The Future Fund, established in 2006, has two key objects: to strengthen Australia’s long-term financial position; and provide for “unfunded” super liabilities for public servants, to shore up the budget. The Fund was originally scheduled to start making payments to the government in 2020, but that is now slated for the 2033 financial year.
Nearly two decades since it was set up, there’s scant evidence that the government needs help from the Fund to meet public servant pension liabilities. That’s not to say that the Fund was unnecessary, is now redundant or that establishing it was misguided. It was not, but the Fund must be ready to evolve in a rapidly changing world. It has the potential to play a much more significant role in meeting our national goals, rather than just making money to pay public servant pensions. If that were all it could do, it’s harshest critics might be right that it should be liquidated.
It was therefore fitting that the government last month updated the Fund’s investment mandate after nearly 20 years to give it a new telos – the ancient Greek word for goal or purpose. The Fund’s expanded investment mandates are to support new national priorities: an energy transition as part of the net zero transformation of the Australian economy; increasing the supply of residential housing in Australia; and delivering improved infrastructure in Australia. Given how big these three topics are, let’s just consider the energy transition for now.
Compared to others, Australia’s sovereign wealth fund has some catching up to do in the energy transition and the decarbonisation of its portfolios. Two of our near neighbours’ funds, NZ Super and Singapore’s Temasek, leave the Future Fund for dead in reducing portfolio carbon emissions. NZ Super has already moved about 40 per cent of its portfolio to benchmarks aligned to Paris targets. Temasek has committed to a 50 per cent emissions reduction from 2010 levels by 2030 and to emissions being net zero by 2050. Temasek also uses an internal carbon price of US$65 per tonne of CO2 equivalent (tCO2e) and proposes to increase this to US$100 per tCO2e by 2030.

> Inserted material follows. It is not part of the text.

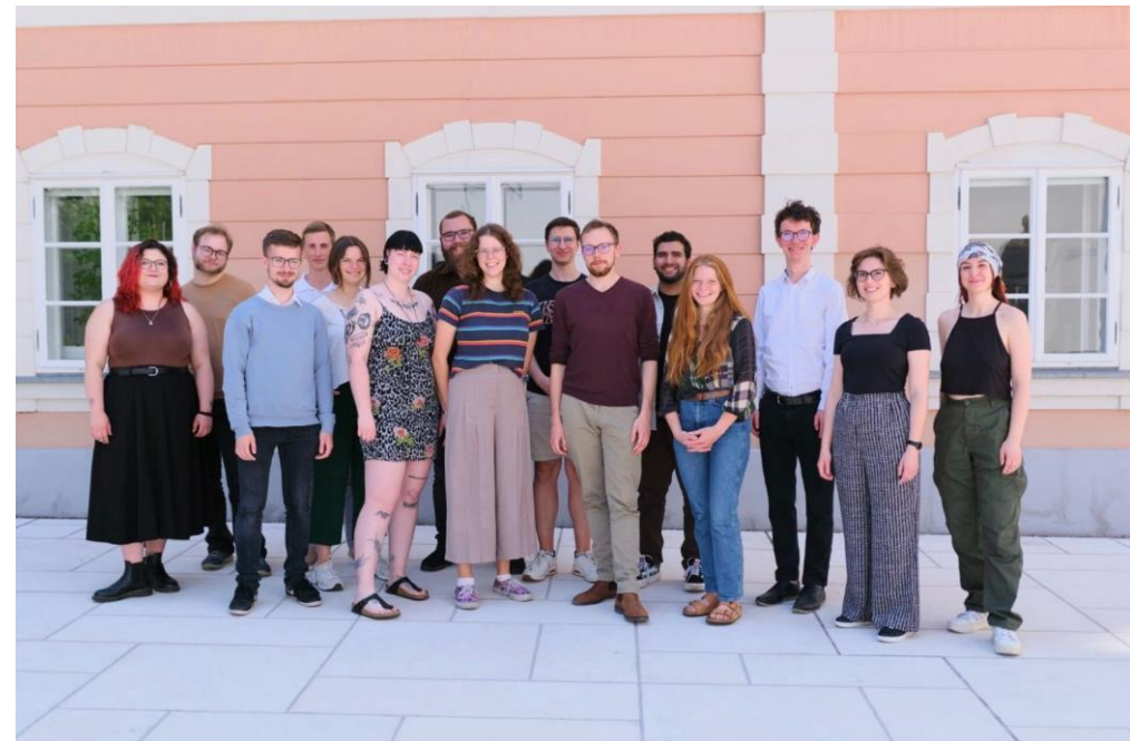
Universitätsvertretung ÖH Uni Salzburg, Juli 2023

vielseitige Aktivitäten für euer studentisches Leben. Das und noch vieles mehr ist die ÖH für euch. Hier im Study Guide findet ihr einen ersten Überblick über unsere Services, Informationen zur ÖH als Institution, unsere Kontaktdaten und hilfreiche Tipps für euer Studium.

The Future Fund does not aim for any particular level of emissions in its portfolios and does not mention using an internal carbon price in its latest reports. So far, it has only made operational emissions reductions commitments, and related disclosures, in relation to its Melbourne and Sydney premises and not any of its “financed” emissions.
Avalanche of criticism
Reflecting the deeply divided state of Australia’s political stance on climate change, the announcement of the revised mandate has been met with an avalanche of criticism. Critics have prophesied future losses and accused the government of “fiscal vandalism”, creating a “political slush fund”, boondoggling, and conducting a so-called “raid” on the Fund.
Section 18A of the Future Fund Act 2006, introduced in 2007, shuts the gate on most of these critiques. The Fund cannot be directed to invest in a particular asset, activity or business and is also required to invest only via external investment managers. The Fund cannot pursue individual investment opportunities, and certainly not at the direction of politicians. The new mandate did not change any of these settings. “Click” goes the shut gate.
Climate change and the race to decarbonise have the potential to be the most significant macroeconomic challenges for Australia in the 21st century. Unemployment, inflation and economic growth could all be severely impacted by the dramas that might realistically unfold. The World Economic Forum has recently estimated that each one degree Celsius of global warming could reduce global GDP by 12 per cent. This global estimate masks the potential for much more dramatic natural impacts in Australia, including fires, floods and droughts, to name a few.
A frequent criticism was that climate change is a “social” issue, or that trying to ameliorate it is “political”. This would be like saying that fighting Covid-19 was “political” because anti-vaxxers made it so, but it was actually a pandemic, driven by epidemiology. Climate change is caused by global warming from the release of greenhouse gases, which is neither a social issue (although its impacts are) nor an innately political one; again only made so by human beings.
The pursuit of relentless economic growth and resulting profits without regard for the environmental impacts have led to the climate crisis we now face. Australia is a big player in this story and the Future Fund has been, like it or not, a by-product of this type of approach. When scope-3 emissions are counted, Australia is responsible for about 4.5 per cent of global CO2 emissions and the Future Fund’s exposure to fossil fuels has been the subject of widespread criticism. It is the only responsible course of action for this government to want to pull sensible levers to mitigate the climate crisis, while staying within the investment return and governance guardrails established by the Fund’s founders.
The Future Fund can walk and chew gum at the same time. The opportunities available in renewable energy and greening our emissions-intensive economy also create profound capital allocation challenges. Tweaking the Future Fund’s investment mandate to meet these challenges shows leadership where it was most needed.
Jeremy Cooper is chair of the Carbon Advisory Board for Future Group. He is also chair of The Conexus Institute, a not-for-profit think-tank philanthropically funded by Conexus Financial, publisher of Investment Magazine.